Decoding Pods Vs Containers | Docker Vs Kubernetes — Professional friendly.
Let’s decode the encoded.
What is the difference between a POD and a Container?
Pod does the same thing as container do. A pod can have one or more containers. Practically in the production environment — one pod has one container. Technically it can have any — called multi-container pods.
Now, What and How is Container created?
A Container is a microservice, a standard unit of software that packages up code and all its dependencies so the application runs quickly and reliably from one computing environment to another.
Dockerfile creates Docker image, Docker image creates Docker container.
In Docker, Dockerfile → Docker Image → Docker container.
Okay now, What and How is POD created?
A Pod represents a single instance of a running process in your cluster. You can consider a Pod to be a self-contained, isolated “logical host” that contains the systemic needs of the application it serves.
In K8s, Dockerfile → Docker Image → Docker container → Pod
That’s how containers are created in Docker, Pods are created in Kubernetes.

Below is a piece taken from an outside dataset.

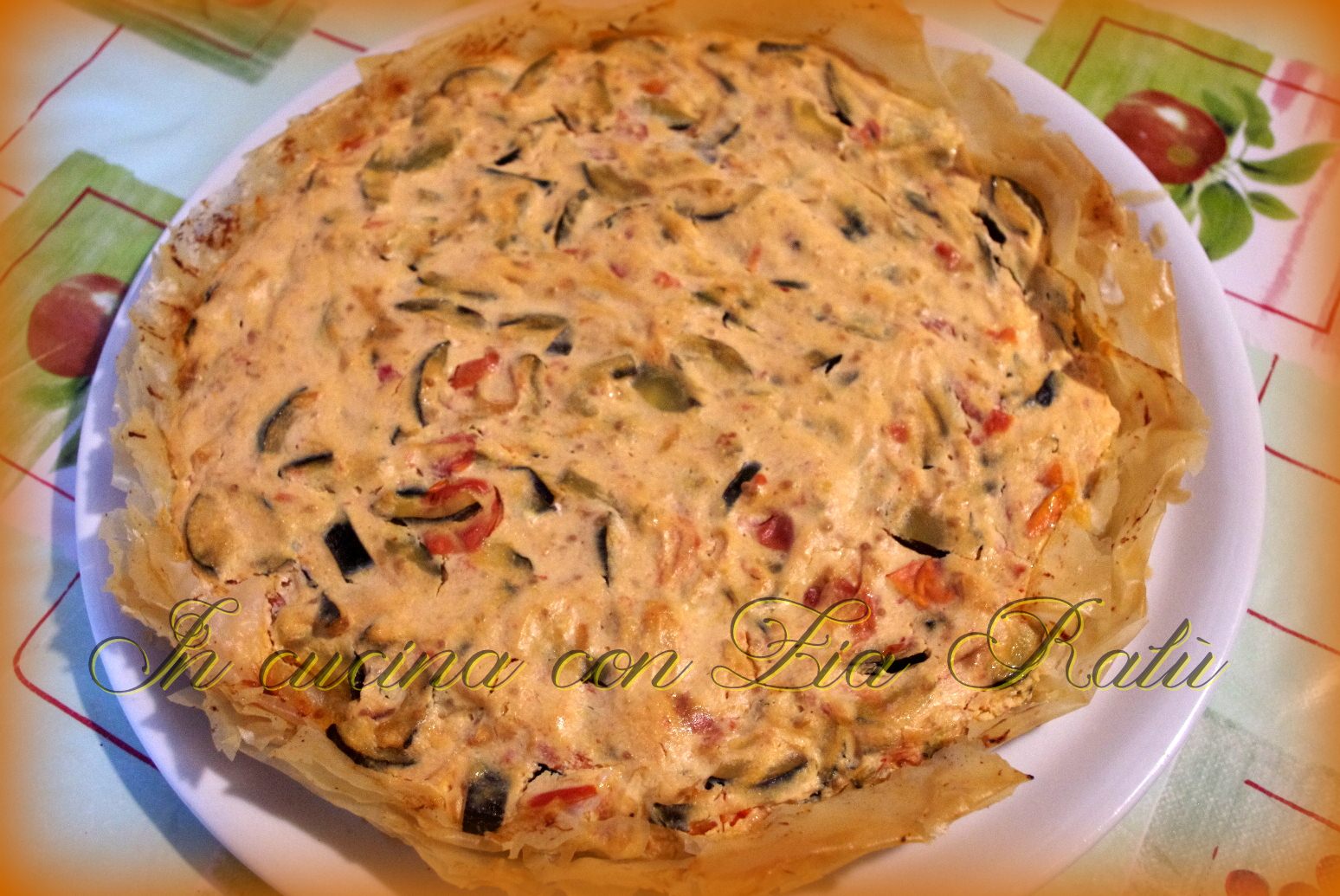 Torta salata di pasta fillo con zucchine e pomodorini

Now read the below definitions of Docker & Kubernetes, it all makes sense. Let me know if it did in the comment below.
Docker is an open-source containerization platform. It enables developers to package applications into containers — standardized executable components combining application source code with the operating system (OS) libraries and dependencies required to run that code in any environment.
Kubernetes is a portable, extensible, open-source platform for managing containerized workloads and services, that facilitates both declarative configuration and automation.